The foregoing has shown and described the basic principles, principal features and advantages of the utility model. It will be understood by those skilled in the art that the present utility model is not limited to the above-described embodiments, and that the above-described embodiments and descriptions are only preferred embodiments of the present utility model, and are not intended to limit the utility model, and that various changes and modifications may be made therein without departing from the spirit and scope of the utility model as claimed. The scope of the utility model is defined by the appended claims and equivalents thereof.

Claims (6)

1. Self-circulation formula vacuum crystallizer, including jar body (1), its characterized in that: the utility model discloses a water-saving type water-saving tank, including jar body (1) and drain pipe, the bottom swing joint of the jar body (1) has separator (13), the bottom joint of separator (13) has mount (2), the top swing joint of the jar body (1) has agitator motor (3), the output shaft of agitator motor (3) rotates respectively and is connected with gear wheel (4) and pinion (5), and pinion (5) are located one side of gear wheel (4), the bottom rotation of gear wheel (4) is connected with (mixing) shaft (6), the outer wall fixedly connected with screw thread leaf (7) of (mixing) shaft (6), the bottom swing joint of the inner wall of the jar body (1) has closing plate (8), one side of closing plate (8) is swing joint respectively has two compression springs (9) and connecting rod (10), and connecting rod (10) are located between a compression springs (9), the other end swing joint of connecting rod (10) has handle (11), one side fixedly connected with stopper (12) of the inner wall bottom of the jar body (1), the inside swing joint of separator (13) has (14), the bottom swing joint of separator (13) has (16), one side of drain pipe (16) is connected with one side of drain pipe (15), one side fixedly connected with bottom plate (18) of mount (2), the upper surface threaded connection of bottom plate (18) has transport motor (19), the output of transport motor (19) rotates and is connected with ascending threaded rod (20), one side fixedly connected with feed inlet (24) of jar body (1), connecting pipe (23) have been cup jointed to the other end of feed inlet (24), conveying pipeline (21) have been cup jointed to the one end of connecting pipe (23), feed pipe (22) have been cup jointed to the other end of connecting pipe (23).

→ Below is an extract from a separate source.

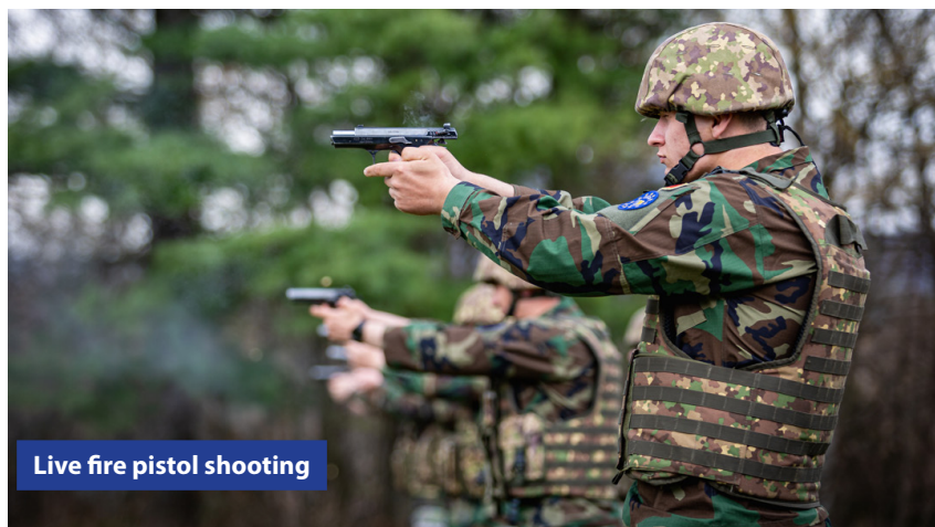
Live fire pistol shooting

2. The self-circulating vacuum mold of claim 1, wherein: the stirring motor (3) is positioned in the center of the top of the tank body (1), and a large gear (4) and a small gear (5) at the output end of the stirring motor (3) form a meshing structure.

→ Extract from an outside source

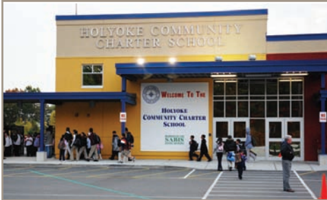
Holyoke Community Charter School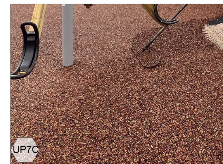
UP7C - Tiger Mulch Surfacing Colour: Natural

3. The self-circulating vacuum mold of claim 1, wherein: the sealing plate (8) forms an elastic structure through a compression spring (9) and a handle (11).

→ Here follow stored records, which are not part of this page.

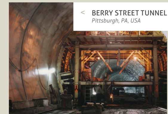
< BERRY STREET TUNNEL Pittsburgh, PA, USA

PITTSBURGH'S BERRY STREET TUNNEL was built in 1865 as a four-metre-wide, single-track rail tunnel. In 1873, it was widened to eight metres to accommodate double tracks and lined with masonry. Following its rehabilitation in 1997 led by Dr. Sauer & Partners, the Berry Street Tunnel is today a busway connection between downtown Pittsburgh and the new Pittsburgh International Airport. The rehabilitation scheme realigned the tunnel at a higher elevation, changed the tunnel's cross-section from horseshoe to rounded, and encompassed the installation of a waterproofing system and a new concrete final lining. Since then, the tunnel has been fully operational and completely dry.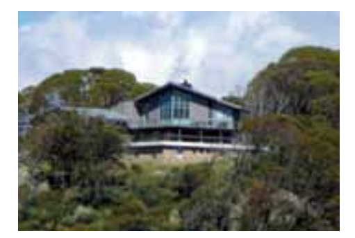
Ku-ring-gai Alpine Lodge as it is today, summer 2012.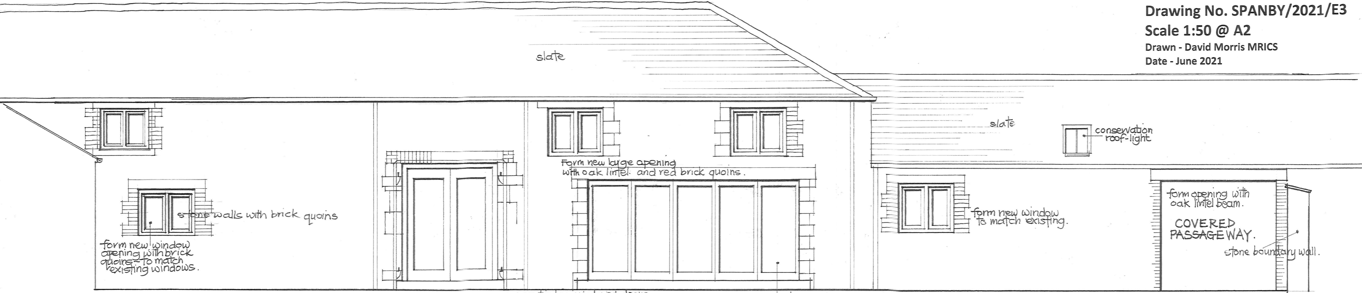
SOUTH ELEVATION - AS PROPOSED 1:50

ELEVATIONS - AS PROPOSED (1 of 2) Drawing No. SPANBY/2021/E3 Scale 1:50 @ A2 Drawn - David Morris MRICS Date - June 2021

4. The self-circulating vacuum mold of claim 1, wherein: the conveying pipe (21), the feeding pipe (22) and the connecting pipe (23) form a sleeved structure, and the connecting pipe (23) and the feeding hole (24) form a sleeved structure.

5. The self-circulating vacuum mold of claim 1, wherein: the lifting threaded rod (20) and the conveying motor (19) form a rotating structure, and the lifting threaded rod (20) is positioned in the conveying pipe (21).

6. The self-circulating vacuum mold of claim 1, wherein: the filter screen (14) is positioned above the inner wall of the separator (13), and the discharge pipe (15) and the valve (16) which are positioned at the bottom of the separator (13) form a rotating structure.